Я забылась в водовороте свиданий, романтических посланий и горячих бессонных ночей. Забылась настолько, что пропустила возвращение собственного сына домой и встретила его, сопя на груди у мужчины.
Такого не было никогда и, естественно, Степу поверг шок. А следом и меня, и Стефана. Я совершенно не ожидала от сына столь отвратительного поведения. Казалось бы, взрослый уже, что-то должен понимать… Но со Степой случился настоящий припадок. Какой-то психический приступ. Он буквально вытолкал Стефана за двери, едва тот натянул штаны. Степа напоминал скорее ревнивого мужа, что, как в плохом анекдоте, вернулся из командировки, а в супружеской постели застал жену с любовником. На моего ласкового воспитанного сына он не походил вовсе.

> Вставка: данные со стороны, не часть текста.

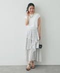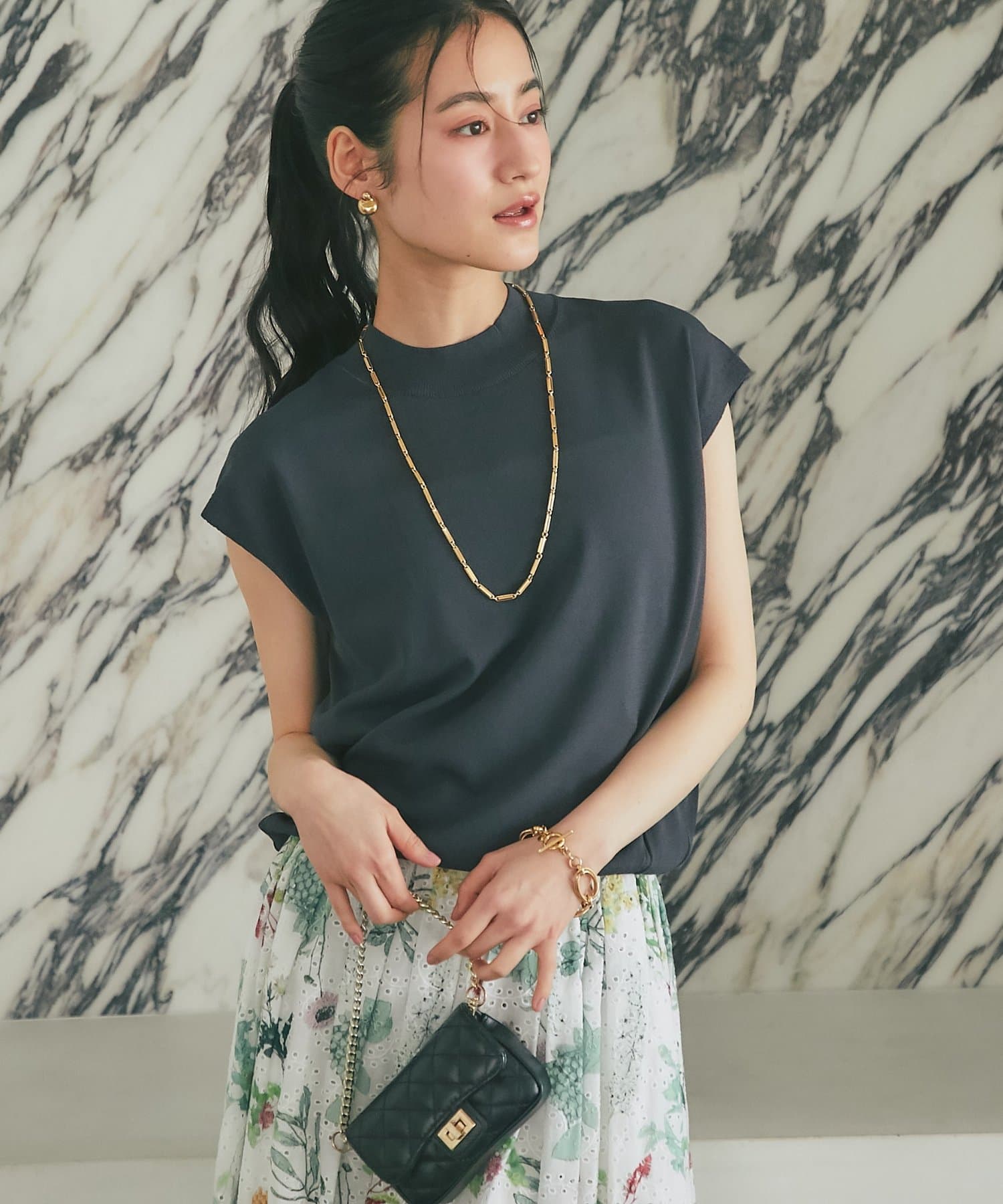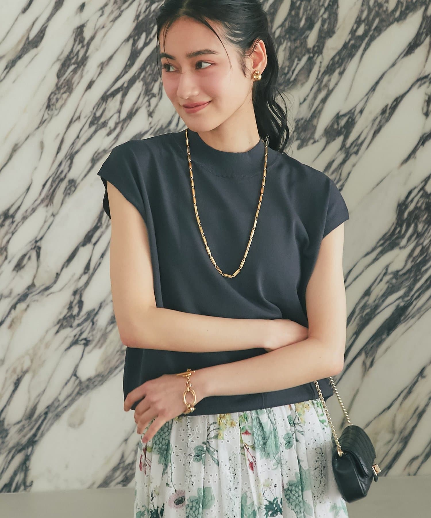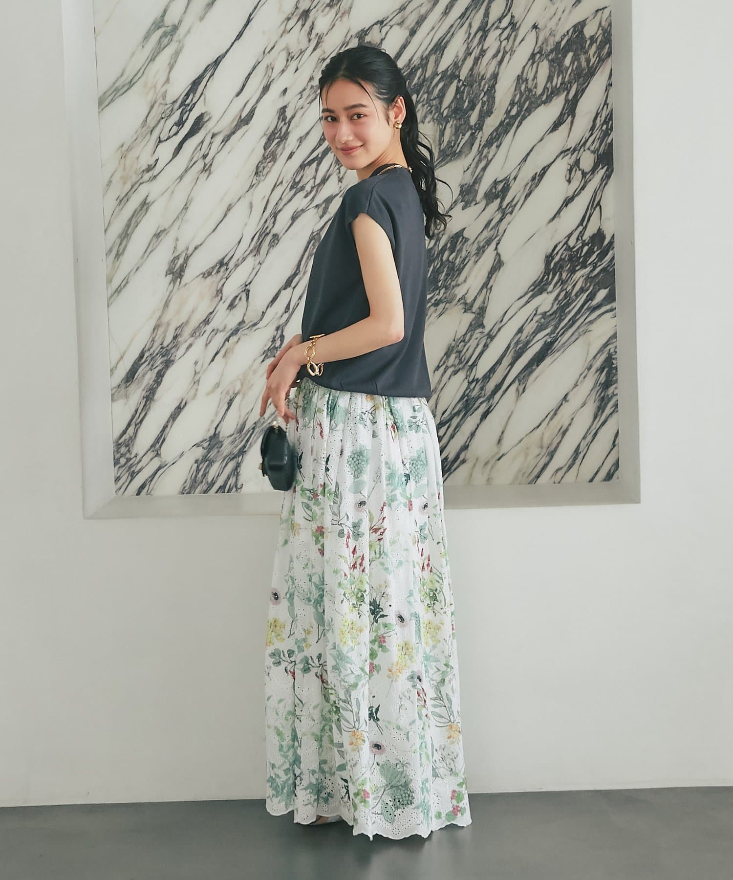 ボリュームのあるスカートに合わせて大人のお出かけスタイルに。
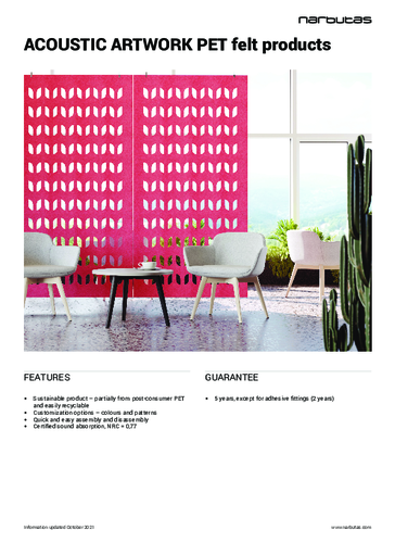 Are you looking for an element that will improve the acoustics in your office? The Acoustic Artwork panel collection offers a helping hand! The lightweight and versatile models will not only take care of the acoustic properties of the space, but will help to implement unique, creative and design solutions. Choose from three types for wall or ceiling mounting. With the Partitions, Clouds or Tile models you will achieve an exclusive interior. In addition to functionality and aesthetics, these products fulfil the sustainable vision of the Narbutas brand. They are partly made of recycled material that is suitable for further recycling after use.
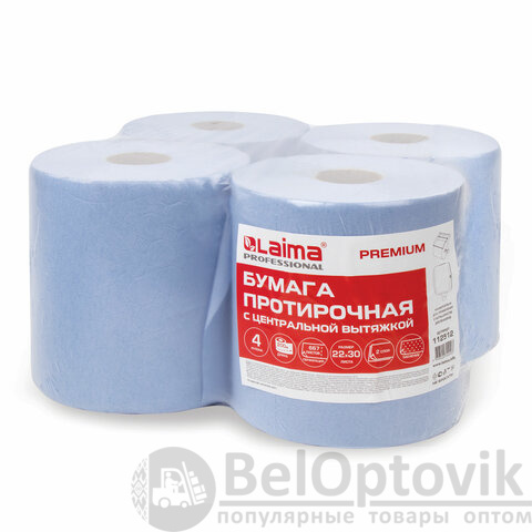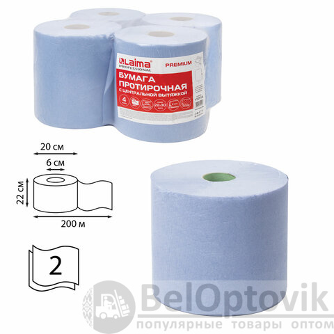 Бумага протирочная с центральной вытяжкой 200 м, LAIMA (W1/W2) PREMIUM, 2 слоя, 667 листов, размер листа 22х30 см, КОМПЛЕКТ 4 рулона, 112512
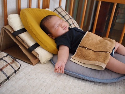 社宅ライフに逆戻りで、昼間ベビーの居場所をどうするかな、と考えてます。昼間はお座り状態じゃないと寝なくなった息子。かなり試行錯誤しましたが、今は、レンタルしたベビーベッドにこういうのを手作りして斜めに寝かしてます。
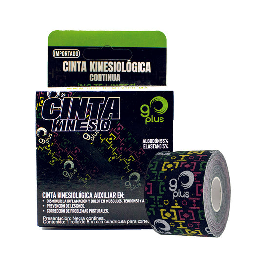 10 Pack Cinta Kinesiológica Negra 5m Diseño Go Plus Mayoreo Go Plus
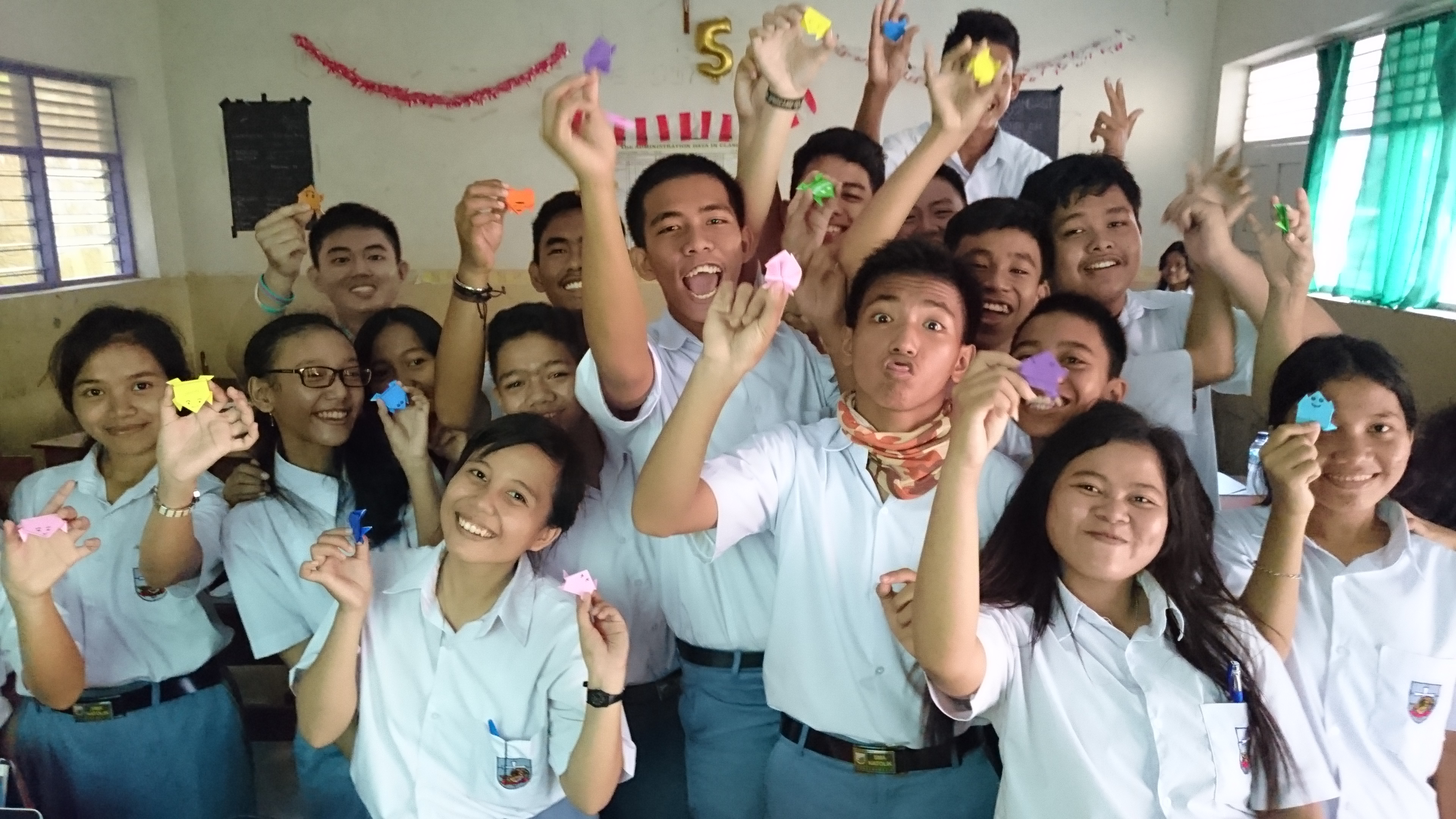 作品説明:高校一年生のクラスで、折り紙の文化紹介をしました。自分で折ったカエルを持って記念撮影。折り紙を折るのも、写真を撮るのも賑やか。でも、中には写真に写るのを恥ずかしがる子もいました。私は、あなたの笑顔も覚えてるよ。

Добил его и тот факт, что я, одевшись, вышла вслед за Стефаном, бросив напоследок, что мне еще никогда не было так стыдно.
— Зоя, ты же педагог! Ты что же, не читала Макаренко? — запальчиво размахивал руками Стефан, ходя взад-перед у своего автомобиля. — Ты же знаешь, какого мнения он был на этот счет?! Если родители жертвуют всем на благо ребенка, в том числе и собственным счастьем, то это самый ужасный подарок, который они только могут сделать. Никаких жертв! Никогда и ни за что! Ребенок должен уступать родителям. Степа должен уступить!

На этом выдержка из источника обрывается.